Above all things have intense and unfailing love for one another, for love covers a multitude of sins [forgives and disregards the offenses of others]. I Peter 4:8(Amplified Bible)
In the wee hours of this morning I was meditating on the unfailing love of God. I have never liked the phrase unconditional love. It presents a kind of mind set which I think is rampant in our society and has taken hold of the church as well. The concept is that our actions have no real consequences. To say that God loves us unconditionally, to me, gives the idea that if God loves us it does not matter what we do. His love has no conditions to place on us. Now before you start to think that I am saying that God does not really love us stop! Consider this, what father, if he loves his son does not want his son to grow up to be a man of honor? What mother wants her daughter to grow up to a life of abuse and brokeness due to her own choices? The point is that true love is never unconditional because the one who loves wants the best for the one they love. It would not be enough to have loved our children immensely and never guide them to make right choices.
The reality that I believe people are seeking to say when they use the word unconditional love is really best expressed in the Biblical term "unfailing love." Saying we place expectations on all those we truly love does not mean that we don't love them even when they fail those expectations. The father whose son chooses to go his own way and ends up in disgrace, if they truly love them, will love them even in their disgrace. The mother who truly loves her daughter will continue loving her even if she ends up in the worst places her nightmares ever took her. Loving our children cannot fully undo the consequences that come as a result of their wrong actions.
Unfailing love means that love never ends. It never gives up on us no matter how far we have strayed from its desire for us. This is the love that God felt when He sent Jesus to the world. this is the love that Jesus felt for the Father and for His lost creation as he gave his life up to redeem it. This is the love that we are to allow to flow through us from Him to the world He loves.
As I meditated on these thoughts I suddenly remembered a friendship that had gone wrong many years ago. He fancied himself to be a prophet. I saw his prophecies were not only flawed by their lack of fulfillment but also in their intention to manipulate others.
I would still say that my discernment on this level was true. A doctor cannot help his or her patient unless they make an accurate assessment of their illness. To say that we are judging when we see the reality of a person's need of transformation is incorrect.
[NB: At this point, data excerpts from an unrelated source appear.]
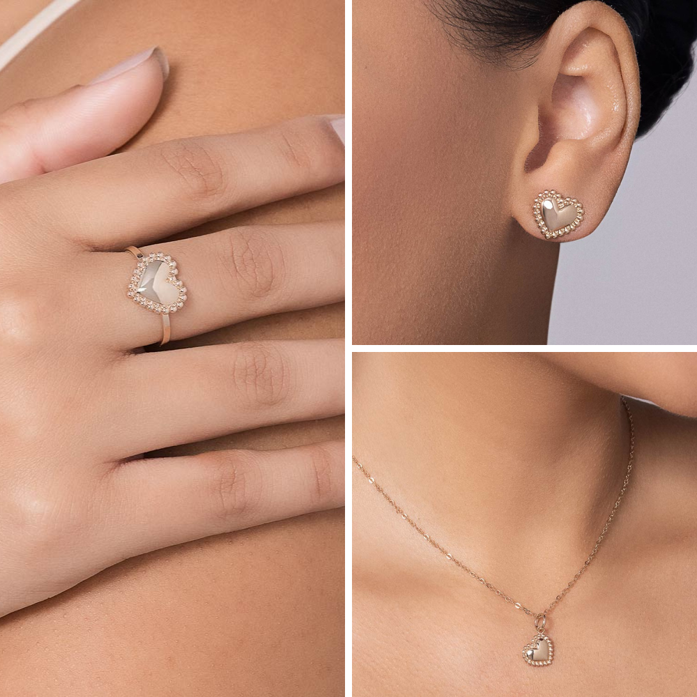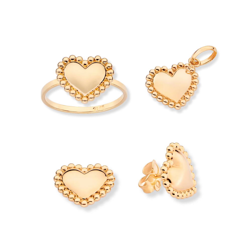 JEWELRY SET GOLD BEATING HEART (RING+ PENDANT + EARRING)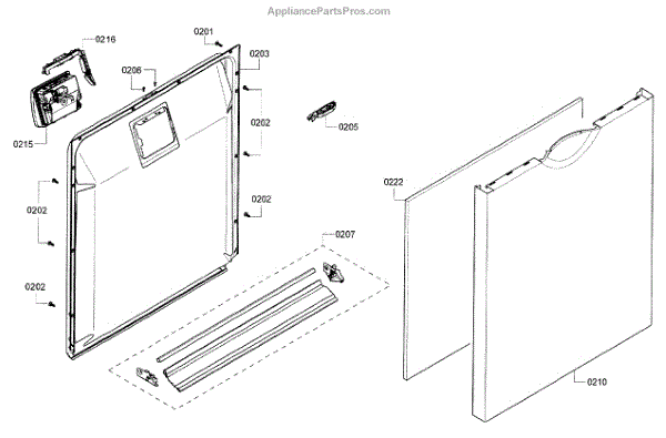 The door-outer is responsible for the overall appearance and aesthetic of the dishwasher door. It gives the door its distinctive look and houses all internal mechanisms.
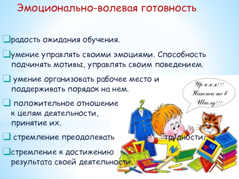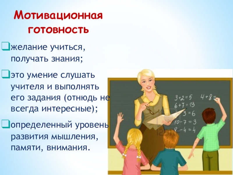 По мнению Л. И. Божович, готовность к школе складывается из определенного уровня развития мыслительной деятельности, произвольной регуляции и социальной позиции школьника.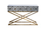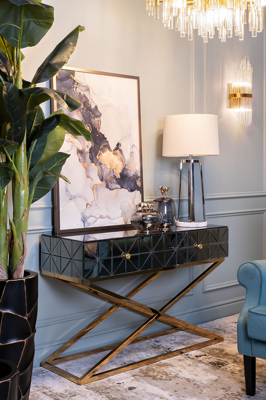 Запросить индивидуальное предложениеДизайнерская зеркальная консоль украсит собой прихожую, коридор или гостиную, эффектно дополнит спальню в качестве туалетного столика. Элегантная, стильная, но в то же время простая и функциональная модель органично вписывается в стилистику ар-деко. Оригинальный каркас из стали с эффектом блестящей позолоты и матовая зеркальная отделка делают консоль с 2мя ящиками эффектным и практичным дополнением к интерьеру. На сайте Garda Decor вы можете купить эту красивую консоль в спальню, гостиную или прихожую в сочетании с другой мебелью.

But I must also say that I did not stop at discernment. I often tell my prophetic friends, "do not presume to correct someone until you have wept for them." I mean by this that we must rid ourselves of animosity and self righteousness to the point where it deeply breaks our heart to see another overtaken in a fault. Scripture tells us this in saying,
"Brethren, even if anyone is caught in any trespass, you who are spiritual, restore such a one in a spirit of gentleness; each one looking to yourself, so that you too will not be tempted." Galatians 6:1
The truth is that I did not have this kind of heart in those days. I was just a Christian, over forty years ago, and was pretty much full of myself. I had started our friendship with a real love for him but one day in a moment of anger he told me he was a man of God and I was not and that he wanted nothing to do with me again. I did leave him alone but not in my heart. I placed him firmly in my prison of unforgiveness.
It was amazing how easy it was for me to see his faults and warn others of the disaster they would face if they associated with him. I never thought for a moment that what I was doing displeased God. Eventually he ended up in a psychiatric hospital. Part of what he felt was his road to healing was to ask my forgiveness and to admit that I had been right in my seeking to correct him. He did so and I gallantly forgave him. Still I had no understanding that I had failed him or God in any way. I did not resume a relationship with him and he struggled but finally came to a place of healing and is in very effective full time ministry today.
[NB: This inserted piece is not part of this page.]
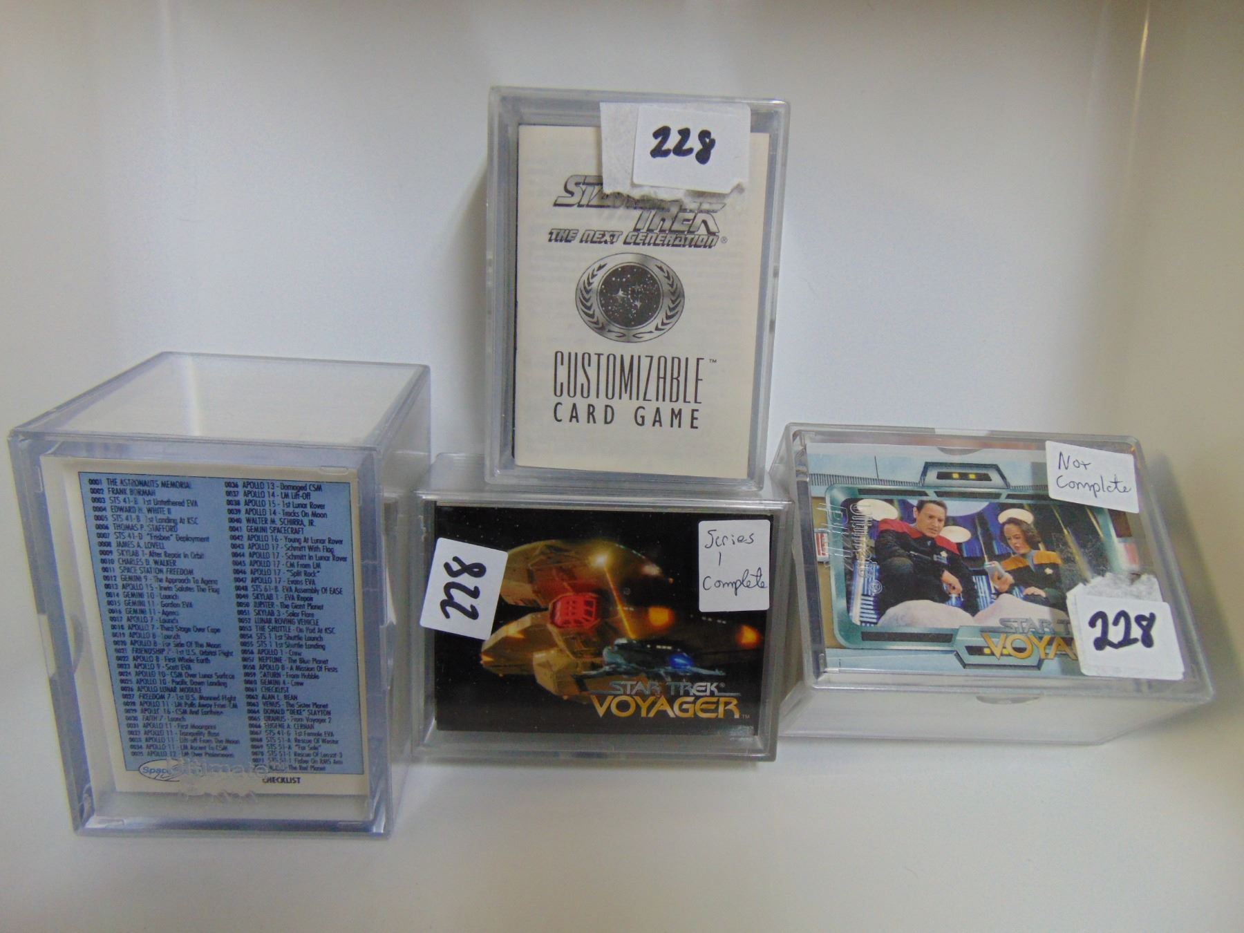 STAR TREK VOYAGEUR SERIES 1 COMPLETE AND SERIES 2 (NOT COMPLETE)CARD SETS STAR TREK NEXT GENERATION CARD GAME AND USA SPACE CARDS NOT COMPLETE SET, ABOUT 370 CARDS.

It was years later that I came to understand that I could have helped him much more than I did. I see today that what was lacking in my heart was not truth - I was correct in my thoughts about what he was doing and I was even correct in seeking to lead him away from his fault. The word that I gave him from the Word was faithful to help him even when I was not. What was missing was unfailing love. When he rejected me I quietly responded in kind. Today I grieved once more that I did not overlook his rejection and stayed firm in my resolve to help him. I did not need to be quiet. I needed to keep loving him when he reacted to the discipline of God. Sadly I have seen this characteristic in my life expressed more than once.
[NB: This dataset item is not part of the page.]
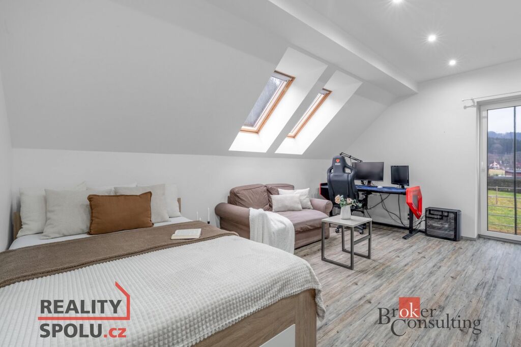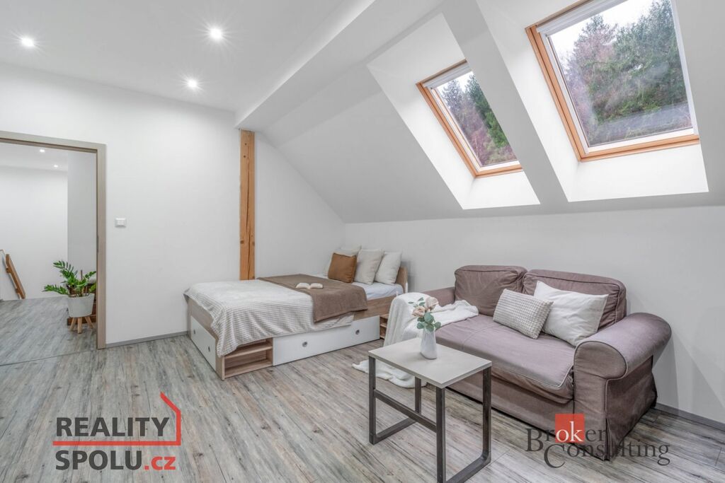 Dispozičně je nemovitost řešena jako 5+kk s obyvatelným půdním prostorem cca 40m2. Je ideálním řešením pro rodinu s dětmi. Nabízí velký prostor, dostatečný klid, soukromí, blízkost přírody a s výbornou dopravní dostupností do centra Liberce. Díky své dispozici a velikosti je možnost přestavby domu na třígenerační bydlení.

Perhaps the most tragic part of the whole thing is that I know I could have helped so many much more than I have if I had settled in my heart that if I did not feel kindness - God's unfailing love - towards others that I would pray until I had it deeply rooted for them.
Again I see this principle of truth meeting mercy. How vital that we understand it. How vital that we live it. I would be a coward to let my friend go off the cliff and say nothing to him because I did not want to "offend" him. I am worse than a coward if when he tells me to keep my mouth shut that I give up on him. I don't need to fight or flee. I need to stand. That means I speak the truth in love. Truth and mercy must kiss. And when they do unfailing love is the result.
Jesus never gave up on me, nor will he ever do so. He has disciplined me almost to the point of death to keep my soul from perishing eternally and I love him for it. But when I rejected him in the midst of this vital discipline he did not reject me. His unfailing love never ends.